College Girl's Point of View Part 2

By Ruby S.

Part 1


In the last part, I discussed some of the challenges that come up both as a student and as a Muslimah attending a Western university. Here are some more issues I have dealt with personally.

1) Non-Mahram: Sorry, I can't shake your hands…

Attending school in the West inevitably means attending a co-ed institution, most of the time. Unless you are lucky to go to an all-girls' college (some do exist here!), you will be running into men, whether you mean to or not. First of all, it is allowed to be in a mixed gender environment for the purpose of education. However, this does NOT mean it is okay to flirt and chat with other guys, even if you are in an educational environment. The same rules in dealing with the opposite gender apply here, as well. Which leads to the unavoidable, completely awkward situation of moving your hand away from a guy offering his hand when he meets you. The awkwardness is unavoidable—a solution is to pretend to sneeze into your own hand ;) Joking aside, though…if you take the time to explain to a guy that your religion protects women and that touching is not allowed, he will accept it and respect you. What’s better is that he will also keep his distance—a safe but still friendly distance. In the worst-case scenario, the guy will just avoid you at all costs. But these restrictions in Islam are for the best, and Allah subhaana wa ta’aala knows what is best for us.

2) Time Management: It’s due TODAY?!

No matter what faith you practice, time management is something that becomes an issue for all college students. In Islam, time is a precious commodity that we as Muslims are blessed with. Time is a means that should be cherished and used wisely. In school, this is especially important: make timelines, write down what is due weekly, and set aside study hours to keep you in check. No one enjoys the feeling of procrastination or having to finish papers at the last minute. So why waste the valuable time you have at school when you can be getting things done? One more note I have learned since attending college is that staying awake after Fajr prayer (Dawn prayer) gives you the chance to get SO much done. There is barakah in that post-sunrise time that’s not found throughout the day again.

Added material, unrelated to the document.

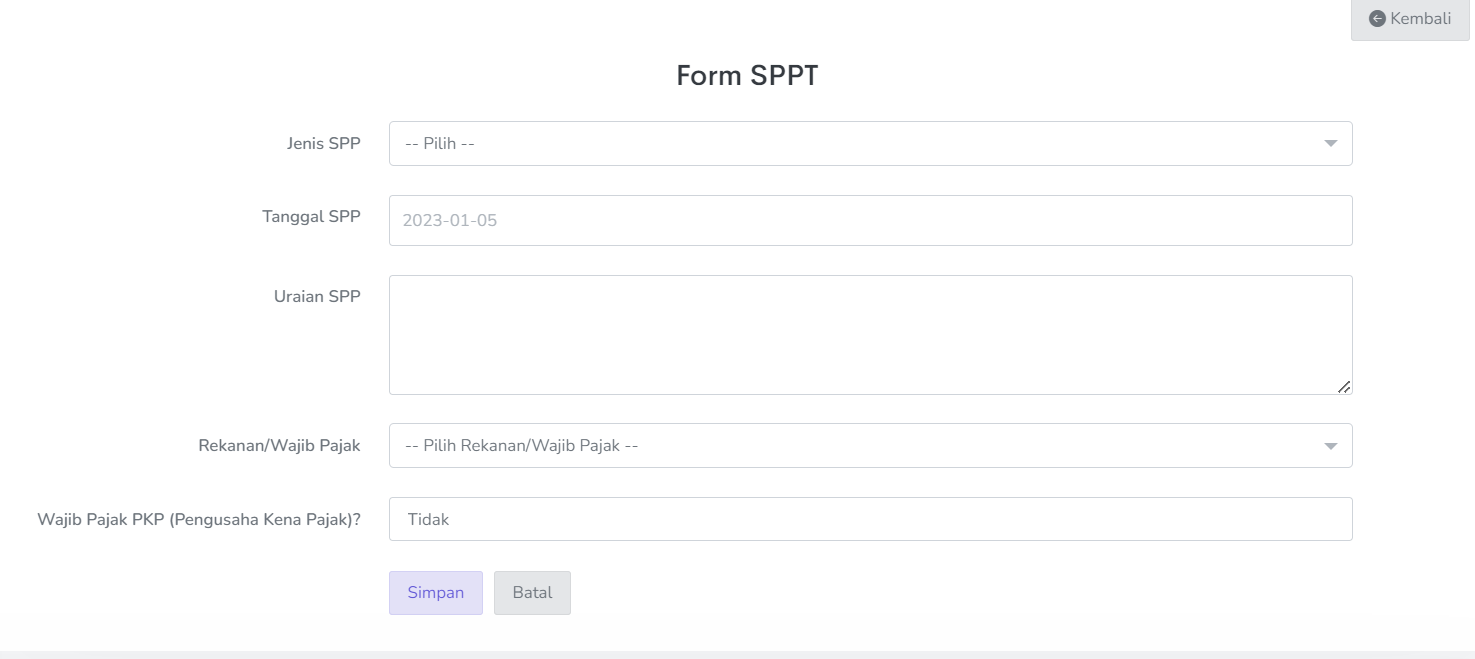 1. Setelah Klik Tambah SPPT → Isi Data SPP yang dibutuhkan, untuk jenis SPP silahkan pilih Uang Persediaan (UP) dan klik Simpan.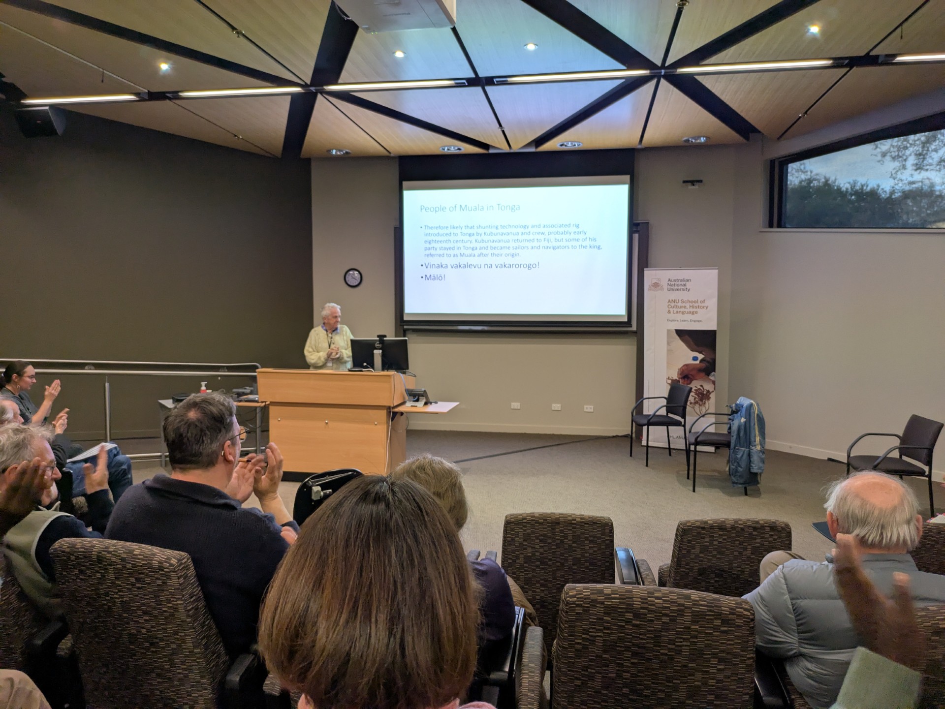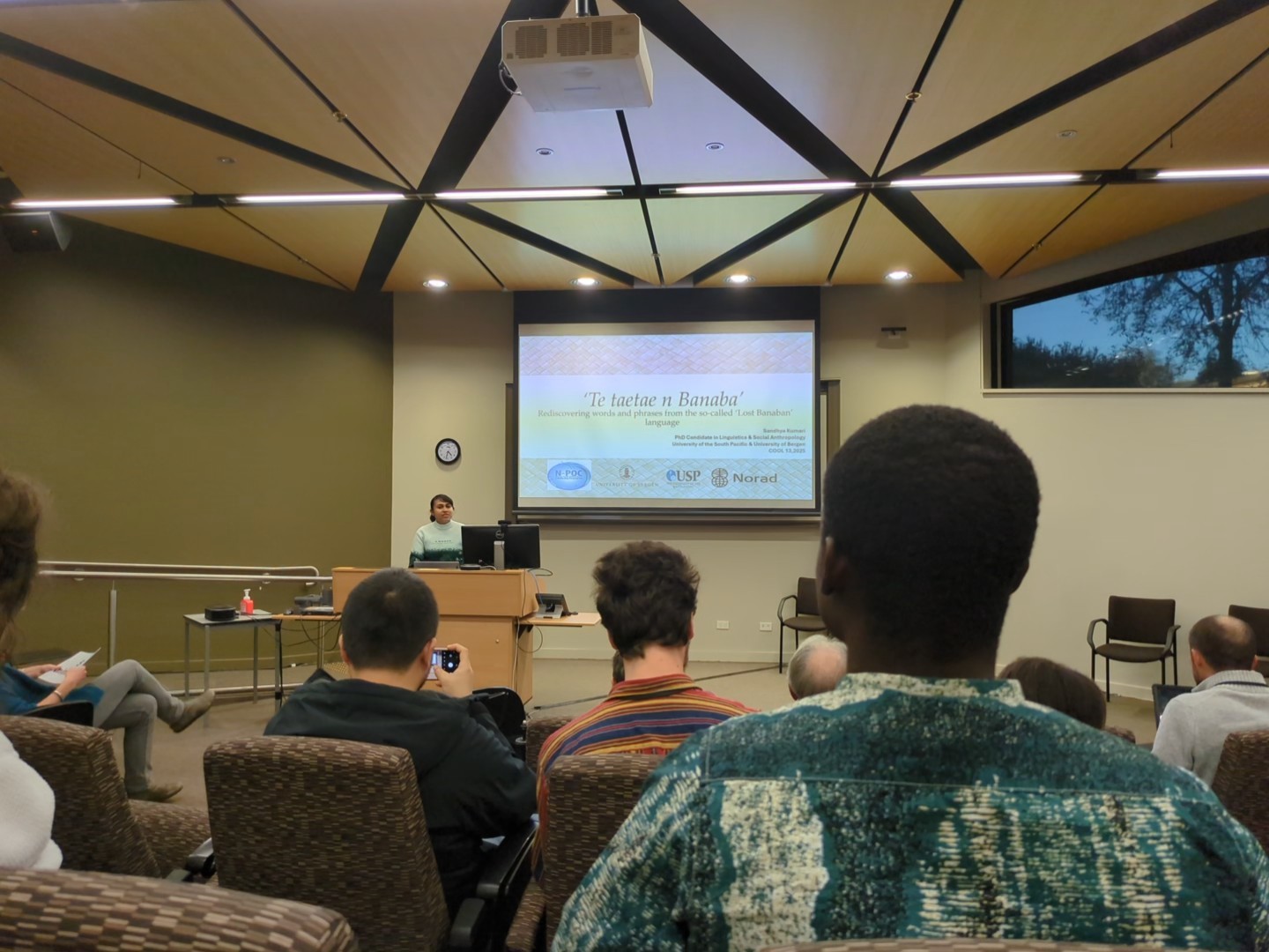 Presentations from USP Linguistics and Languages were given by Sandhya Kumari (“Rediscovering words and phrases from the so-called ‘Lost Banaban’ language”); Paul Geraghty (“Linguistic evidence for the spread of marine technology in the Pacific” and – with colleagues – “Turmeric and bark cloth connections between Northern Outliers and East Polynesia”); and Harriet Sheppard (“Multimodal representation of theme in the expression of caused accompanied motion events” with colleagues).

So make use of the time that you are blessed with, and don’t let the procrastination lifestyle get to you!

3) Food and Weight: restaurant, homemade, or on-the-go

College students are notorious for terrible eating habits: chips, candy bars, pre-packaged foods like Ramen, microwavable dishes, or take out. Constant studying, extracurricular activities, and college life in general takes up so much time that food gets pushed to the back of one’s mind. The good news is that it does not have to be that way! The best solution is to make food at home or in your apartment. Sandwiches, salads, and soups, for example, are excellent for lunches. If you live in a dorm, try narrowing down your food list: keep away from oily, heavy, greasy food. Choose fresher, greener, and more colorful food. Vegetables and fruits should be a priority, as well as whole grains instead of white products. Sugar is okay once in a while, like a cupcake here and there. The trick is not to overdo it. As it goes in the Sunnah: 1/3 for food, 1/3 for water, and 1/3 for air with respect to the stomach. Eat enough for your fill, and choose those food that will fuel you longer: fibrous, colorful, and fresh. 

With these tips in mind, I pray that all college Muslimahs have a productive year and experience.